Continue reading “Hadiah Ulang Tahun”

Back to December 2017 (Kisah Part 1)

Jadi, di akhir Desember 2017 aku melakukan perjalanan seorang diri dengan travel Tembilahan – Pekanbaru. Perjalanan yang baik baik saja awalnya sampai sang supir memulai pembicaraan. Out of nowhere, topiknya. Beliau bertanya, apakah aku sudah bekerja atau belum, sudah menikah atau belum, kegiatanku apa saja, yang jujur secara pribadi aku gak punya masalah ditanya kayak gitu, tapi gak seterbuka gimana juga untuk dikulik kulik. You know, right?

Kala itu aku mencoba menjawab sesingkat dan seringan mungkin untuk menyudahi pembicaraan. Benar benar seperlunya. Sampai beliau terus menerus membangun kesimpulan di depan wajahku. “Kalau saya lihat, kamu ini akan susah dapat kerja dan berat jodoh”, kupalingkan wajahku menatap sang supir yang tanpa beban memandang jalanan. “Kamu ini sudah dibuat buat orang, ada orang yang benci dan sakit hati karena kamu tolak”, lanjutnya.
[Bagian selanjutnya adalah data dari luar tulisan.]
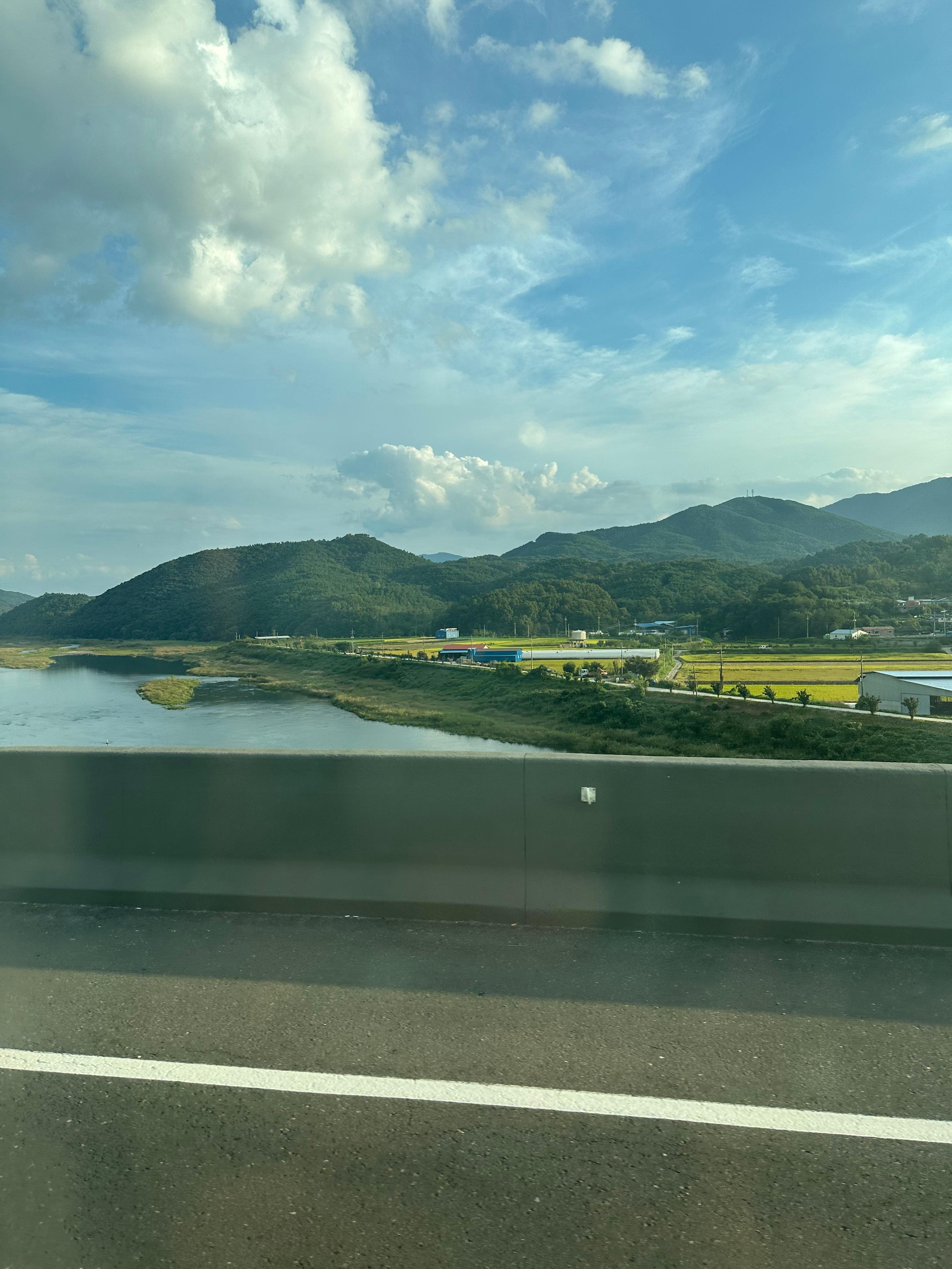 금산 인삼랜드 휴게소는 대전을 지나서 나오는 휴게소이고 그이후부터는 이렇게 시골 모습을 그대로 볼 수 있는 풍경이 드러납니다. 금산 인삼랜드 휴게소를 지나서 진주와 통영가는 길에는 덕유산 있어서 특히 덕유산 주변의 자연을 그대로 느낄 수 있는 모습이었습니다.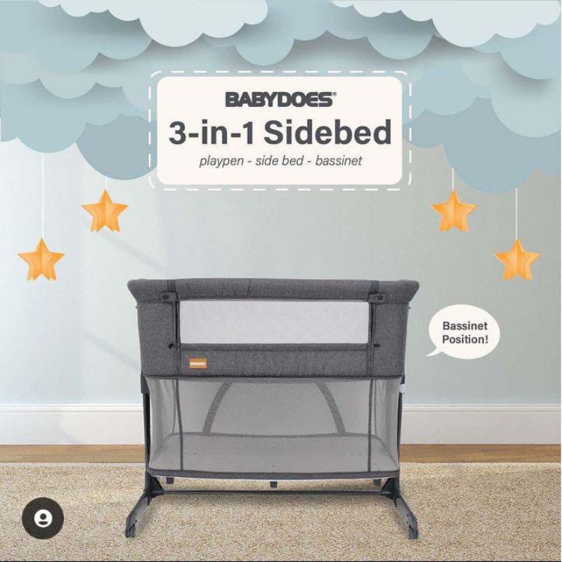 kasur bayi yang nyaman, aman dan mudah untuk digunakan. Dengan fitur 3-in-1, kasur dapat diatur menjadi 3 posisi yaitu posisi playpen, sidebed dan bassinet! Selain itu, terdapat juga storage box yang besar dibawah kasur loh mom and dad! . Fitur babydoes 3-in-1 Sidebed : ๐ Ketinggian kasur yang dapat diatur ๐ Fungsi pengunci pada kedua sisi kasur ๐ Bahan yang lembut dan nyaman, serta alas tidur dengan bahan berkuakitas ๐ Feeding position 30ยฐ yang mencegah bayi tersedak/gumoh saat makan ๐ Dilengkapi dengan keranjang dibawah kasur untuk menyimpan berbagai perlengkapan bayi ๐ Dapat digunakan sebagai sidebed (tempat tidur disebelah kasur orang tua) yang dilengkapi dengan pengikat ๐ Memiliki posisi playpen untuk anak bermain dan berdiri ๐ Memiliki roda yang dilengkapi dengan rem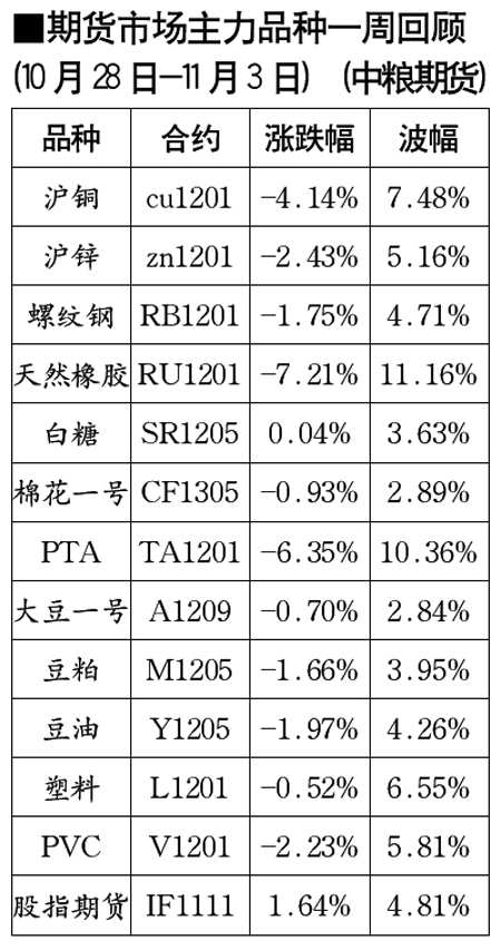 期貨市場(chǎng)主力品種一周回顧[10月28日-11月3日]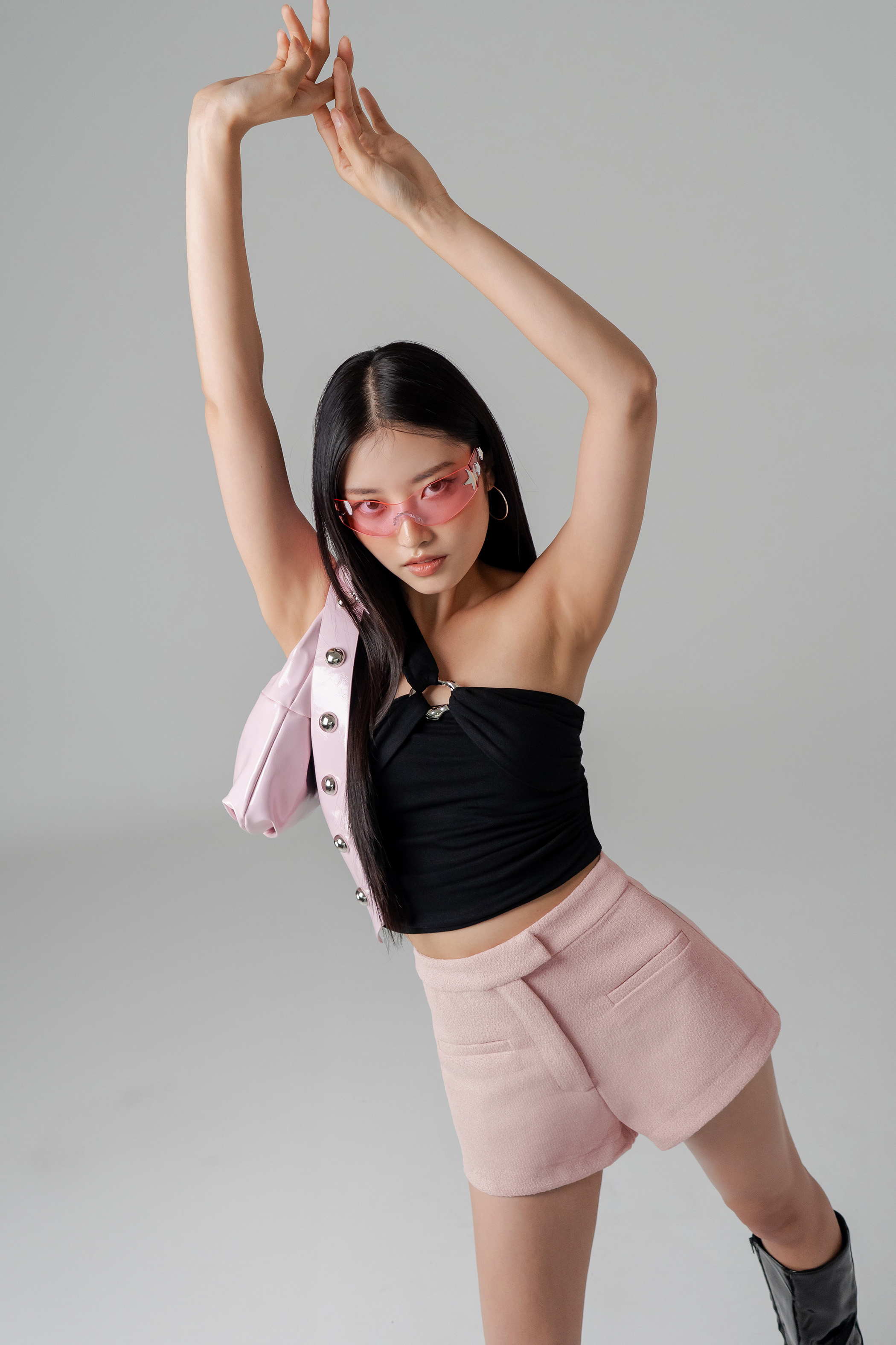 Enclave Tweed Tailored Shorts in Milkshake Pink

Aku tergelak dalam hati. Mencoba stay cool. Entah seberapa jauh ia berbicara dan hanya kutanggapi dengan hmm, ohhh, hmm, ohhh. Tak berhenti masalah perjodohan, ia bahas tentang sekolah, pendidikan dan tau tau membandingkanku yang kala itu baruuu banget lulus S2 dan ceritanya lagi balik kampung (dan belum punya ‘kerjaan’), dengan anak perempuannya, lulus S1 langsung kerja dan tidak lagi pernah dikirimi uang (karena sudah berpenghasilan). I mean, what? Hello.

Endingnya tentu saja saat aku bersiap turun di alamat tujuanku, ia menyempatkan mengajarkanku ‘doa-doa’ dan langkah-langkah untuk membuka cahaya yang telah ditutup oleh ‘lelaki’ antah berantah yang katanya mengirimiku sesuatu tadi. Bahkan sambungnya, gak cuma seorang, tapi beberapa. Sekaligus diajarinya supaya pintu rezeki terbuka. Aku cuma membalas dengan senyuman tipis dan kuucapkan terima kasih (dalam hati kudoakan semoga selamanya aku gak bertemu lagi dengannya wkwk).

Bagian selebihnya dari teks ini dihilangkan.